PARIS (Reuters) – The number of people fleeing war or strife for stabler parts of the world fell marginally in 2016 from a record high in 2015, with the lion’s share of those seeking asylum doing so in Germany, the OECD said on Thursday.
In a report on broader migration trends, the Organization for Economic Co-operation and Development said that the biggest exodus of asylum-seekers was from war-ravaged Syria, followed by Afghanistan and Iraq.
Asylum request numbers continued to drop in the early months of this year, it added.
For a fourth straight year, Germany registered by far the largest number of asylum applications – 48 percent of a world total of 1.64 million in 2016.
The United States, where the bulk of asylum applications are from Latin Americans, was a distant second, registering 262,000 asylum applications.
The total number of applications dropped by one percent from 2015, said the Paris-based OECD, which noted that many of those who arrived in Germany in 2015 filed formal asylum applications in 2016.
When compared to the population of the host country, Germany registered more than 10 times as many asylum requests as the United States and four times as many as Italy, another key destination for many migrants, notably from Nigeria.
The OECD, a think-tank funded by the governments of its 35 member countries, most of them wealthy economies and relatively stable politically, suggested the slight dip in asylum requests in 2016 may be followed by a more pronounced reduction this year.
In the first six months of 2017, the total number of landings on European shores reached 85,000, around 10 times less than at the peak in the second half of 2015, it said in a statement that accompanied its report.
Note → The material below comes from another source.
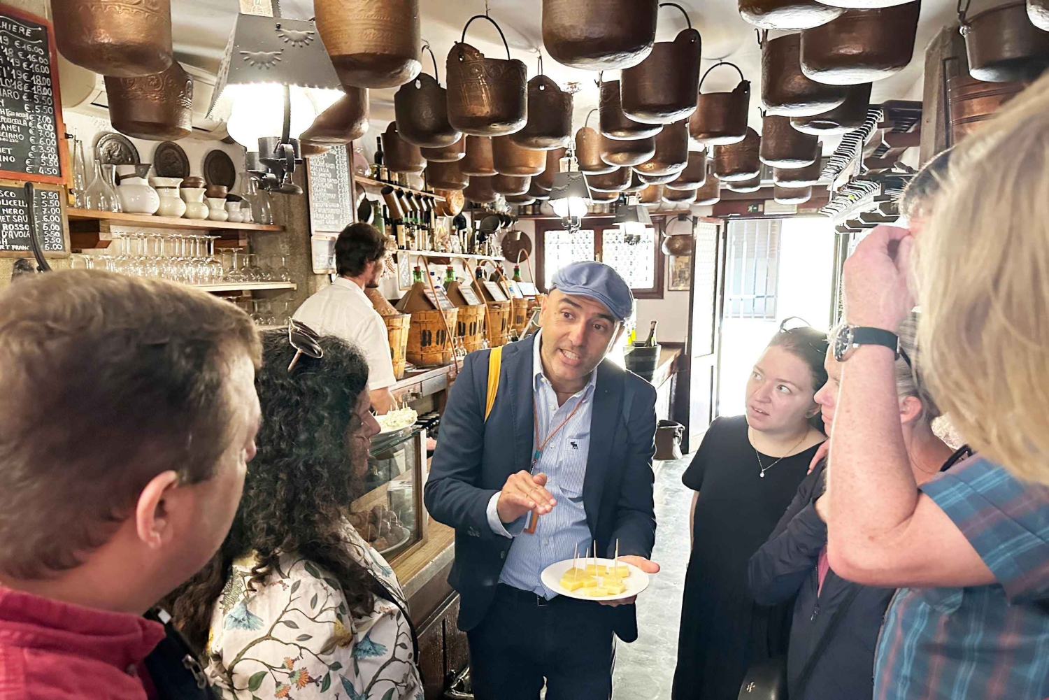 Dołącz do tej Venice Street Food Tour, aby poznać kulinarne specjały i tradycje miasta. Podczas tego doświadczenia odkryjesz przepisy kuchni północnych Włoch i skosztujesz lokalnych potraw ulicznych, w tym autentycznych „cicchetti”, typowych małych przekąsek z różnymi składnikami, „weneckich tapas”, pysznych serów i deserów. Twój przewodnik oprowadzi Cię po centrum miasta, pokazując jedne z najbardziej fascynujących zabytków, w tym Canal Grande, Campo Santa Margherita i San Paolo, i zatrzymując się w zabytkowych restauracjach. Posłuchaj ciekawych opowieści i komentarzy na temat kultury miasta i jego wieloletniego dziedzictwa gastronomicznego, odkrywając Rialto Market, autentyczny lokalny targ z licznymi stoiskami i pysznymi świeżymi produktami. Przygotuj się na niesamowite jedzenie oraz ciekawą sztukę i kulturę.Includes

With two in three refugees arriving in Europe, OECD chief Angel Gurria said: “Improving the integration of immigrants and their children, including refugees, is vital to delivering a more prosperous, inclusive future for all.”
While OECD countries, primarily in Western Europe, received 1.6 million asylum requests in 2016, Turkey alone was providing temporary protection to another three million Syrians, the organization said.